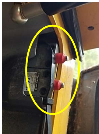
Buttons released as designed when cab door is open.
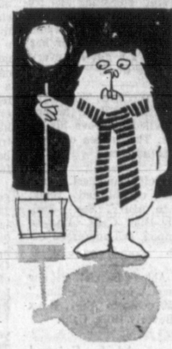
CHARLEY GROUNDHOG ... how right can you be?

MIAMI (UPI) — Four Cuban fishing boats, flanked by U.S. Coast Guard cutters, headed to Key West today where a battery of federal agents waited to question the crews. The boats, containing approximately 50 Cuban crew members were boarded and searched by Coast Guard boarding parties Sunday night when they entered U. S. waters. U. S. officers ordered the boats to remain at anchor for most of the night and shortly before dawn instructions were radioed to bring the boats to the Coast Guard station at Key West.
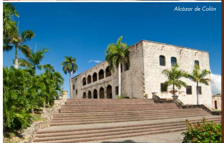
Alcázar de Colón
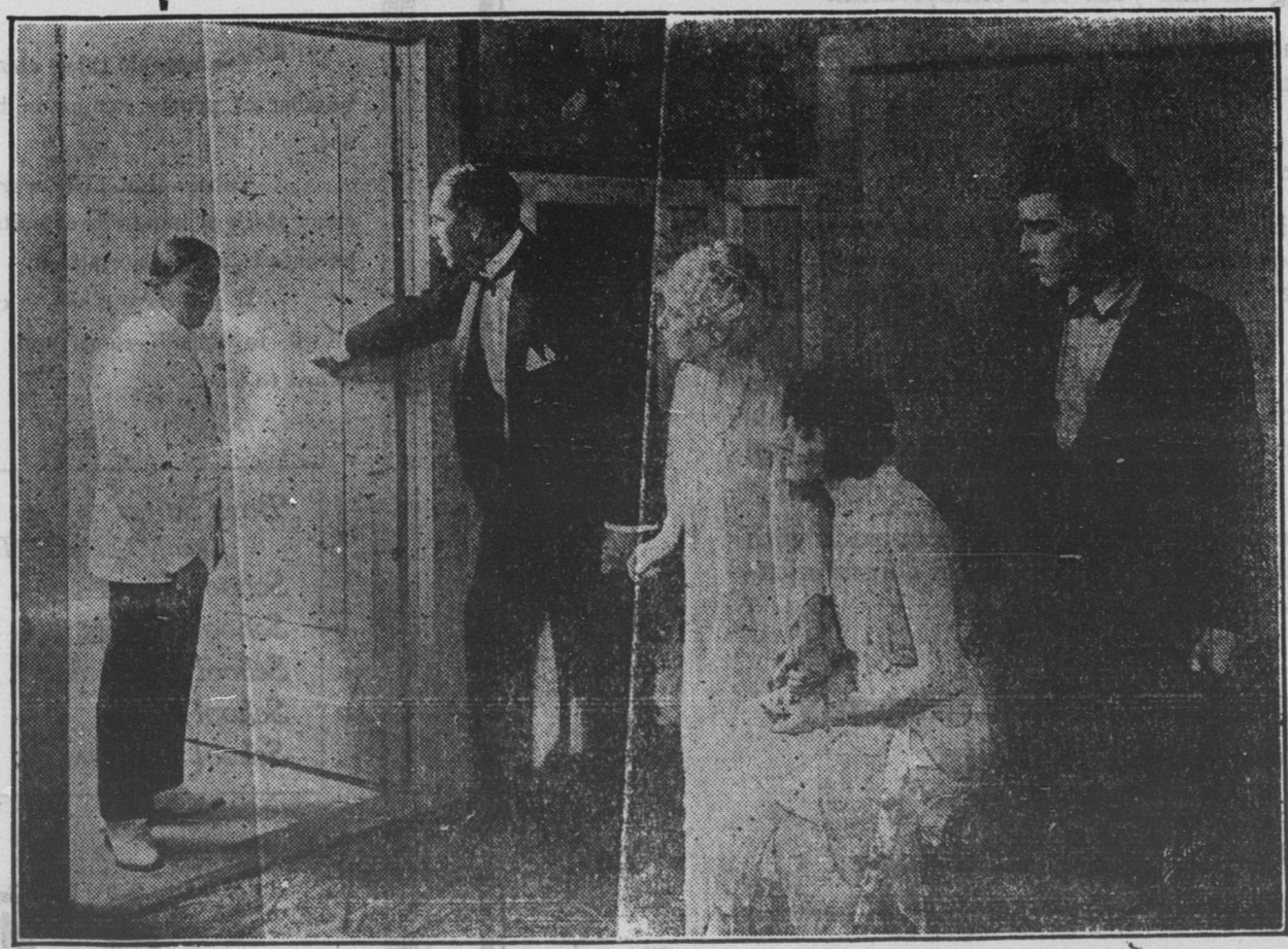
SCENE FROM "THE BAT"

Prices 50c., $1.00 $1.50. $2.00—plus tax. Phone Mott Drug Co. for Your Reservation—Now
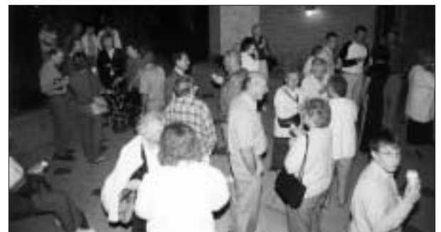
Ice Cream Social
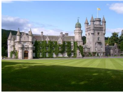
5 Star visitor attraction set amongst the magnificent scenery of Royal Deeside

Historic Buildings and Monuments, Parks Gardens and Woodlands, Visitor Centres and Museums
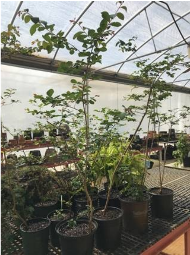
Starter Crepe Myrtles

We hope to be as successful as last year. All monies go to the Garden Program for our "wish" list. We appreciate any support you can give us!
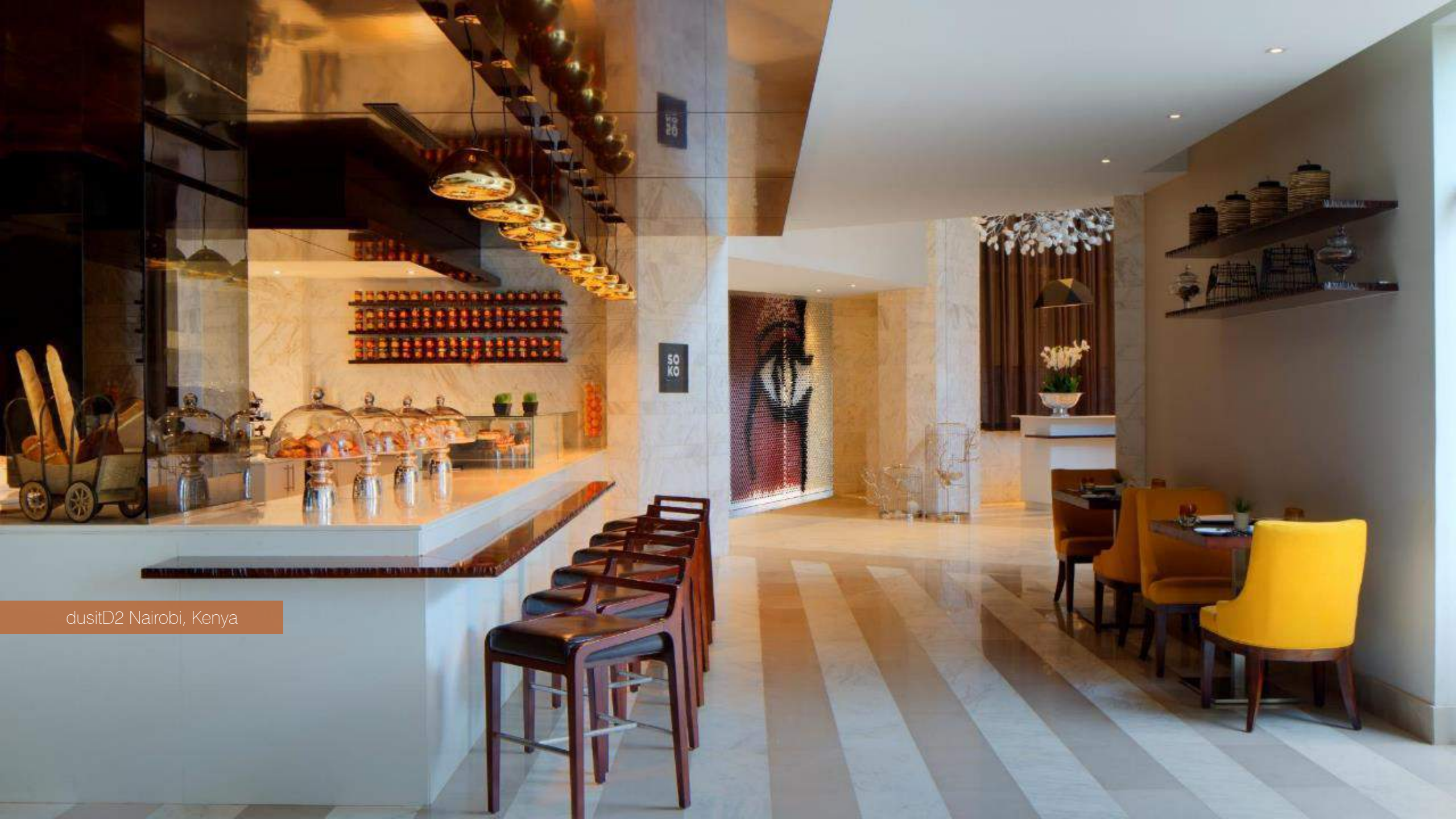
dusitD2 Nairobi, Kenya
--
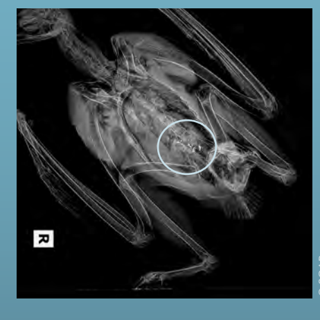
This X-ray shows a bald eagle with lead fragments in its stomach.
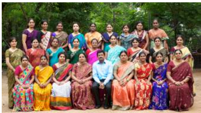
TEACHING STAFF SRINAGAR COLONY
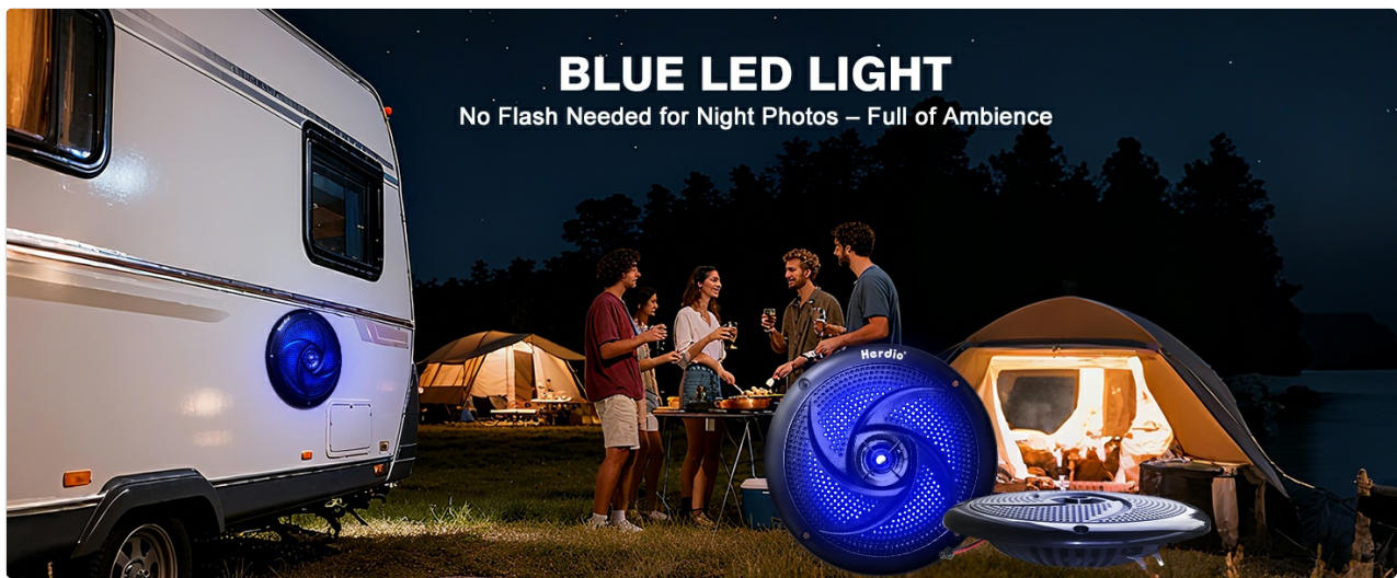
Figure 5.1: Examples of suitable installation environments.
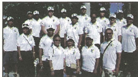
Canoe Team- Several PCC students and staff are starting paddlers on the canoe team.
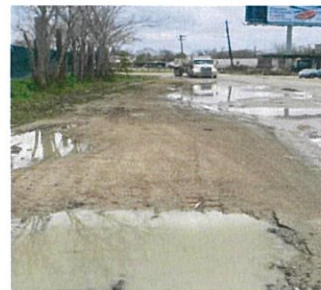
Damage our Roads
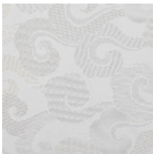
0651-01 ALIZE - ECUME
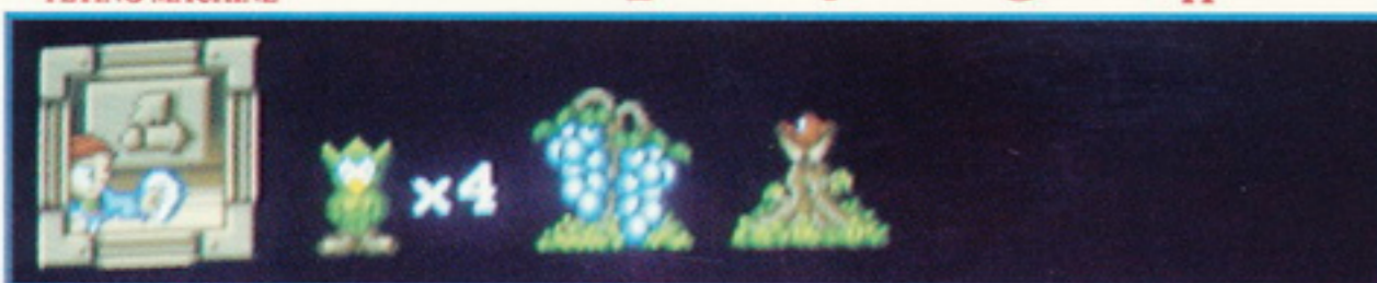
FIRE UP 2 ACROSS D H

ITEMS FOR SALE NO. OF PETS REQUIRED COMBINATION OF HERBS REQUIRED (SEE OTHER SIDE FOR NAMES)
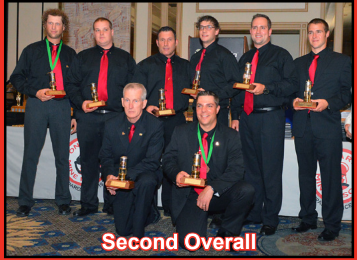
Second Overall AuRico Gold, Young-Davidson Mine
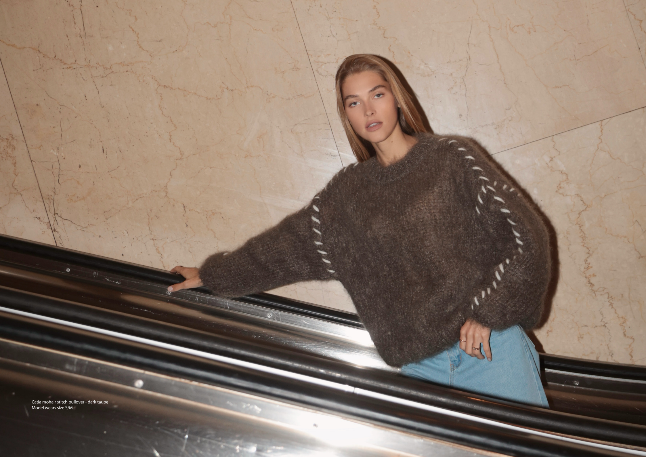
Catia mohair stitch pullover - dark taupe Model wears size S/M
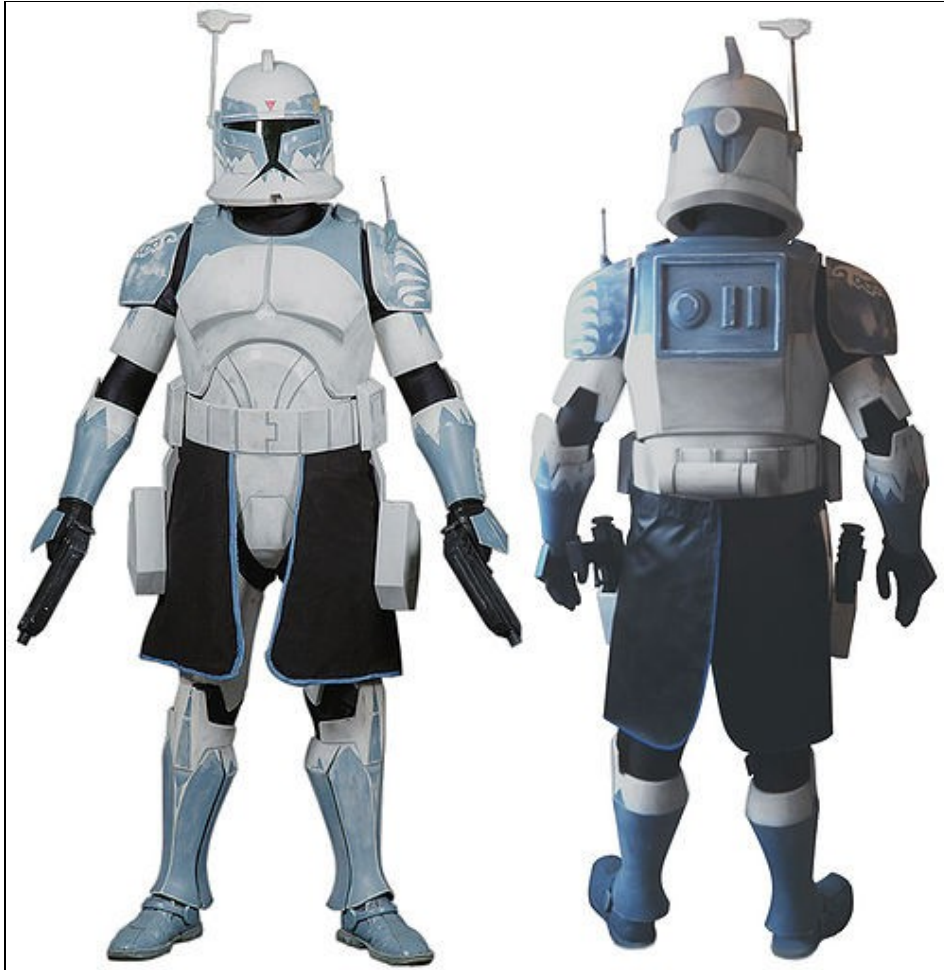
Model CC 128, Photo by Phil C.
---
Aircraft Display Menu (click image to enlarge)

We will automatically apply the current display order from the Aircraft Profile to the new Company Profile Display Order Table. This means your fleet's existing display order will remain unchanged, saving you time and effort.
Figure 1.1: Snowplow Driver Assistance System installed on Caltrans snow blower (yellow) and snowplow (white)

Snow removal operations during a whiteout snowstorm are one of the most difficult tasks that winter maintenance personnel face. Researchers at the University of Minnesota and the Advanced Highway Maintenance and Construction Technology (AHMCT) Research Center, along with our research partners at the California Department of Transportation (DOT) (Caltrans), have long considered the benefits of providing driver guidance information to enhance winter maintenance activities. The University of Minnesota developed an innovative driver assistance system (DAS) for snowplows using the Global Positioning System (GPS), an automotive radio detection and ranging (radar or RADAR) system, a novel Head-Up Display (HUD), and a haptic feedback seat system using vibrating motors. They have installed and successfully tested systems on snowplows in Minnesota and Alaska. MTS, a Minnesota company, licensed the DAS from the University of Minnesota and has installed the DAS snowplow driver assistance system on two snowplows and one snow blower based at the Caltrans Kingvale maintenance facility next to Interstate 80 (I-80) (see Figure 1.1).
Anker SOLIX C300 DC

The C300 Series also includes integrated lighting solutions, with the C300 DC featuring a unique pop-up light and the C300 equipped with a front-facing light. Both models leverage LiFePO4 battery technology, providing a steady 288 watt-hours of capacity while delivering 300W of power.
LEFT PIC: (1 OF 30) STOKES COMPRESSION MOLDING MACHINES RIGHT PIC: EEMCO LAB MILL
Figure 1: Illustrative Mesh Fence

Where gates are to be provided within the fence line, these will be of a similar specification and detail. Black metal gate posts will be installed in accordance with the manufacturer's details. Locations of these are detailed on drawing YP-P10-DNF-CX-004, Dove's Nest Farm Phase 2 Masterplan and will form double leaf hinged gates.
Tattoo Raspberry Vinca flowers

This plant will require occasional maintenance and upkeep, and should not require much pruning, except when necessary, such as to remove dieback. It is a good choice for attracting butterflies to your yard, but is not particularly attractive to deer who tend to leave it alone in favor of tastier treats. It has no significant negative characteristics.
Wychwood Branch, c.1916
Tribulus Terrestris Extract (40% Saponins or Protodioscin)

Task objective.
Within the material above, only the stretch from the line holding "0651-01 ALIZE - ECUME" through the line holding "Model CC 128, Photo by Phil C." is to be restated exactly. Pictures are dropped.

Solution to this task.
0651-01 ALIZE - ECUME
FIRE UP 2 ACROSS D H

ITEMS FOR SALE NO. OF PETS REQUIRED COMBINATION OF HERBS REQUIRED (SEE OTHER SIDE FOR NAMES)
Second Overall AuRico Gold, Young-Davidson Mine
Catia mohair stitch pullover - dark taupe Model wears size S/M
Model CC 128, Photo by Phil C.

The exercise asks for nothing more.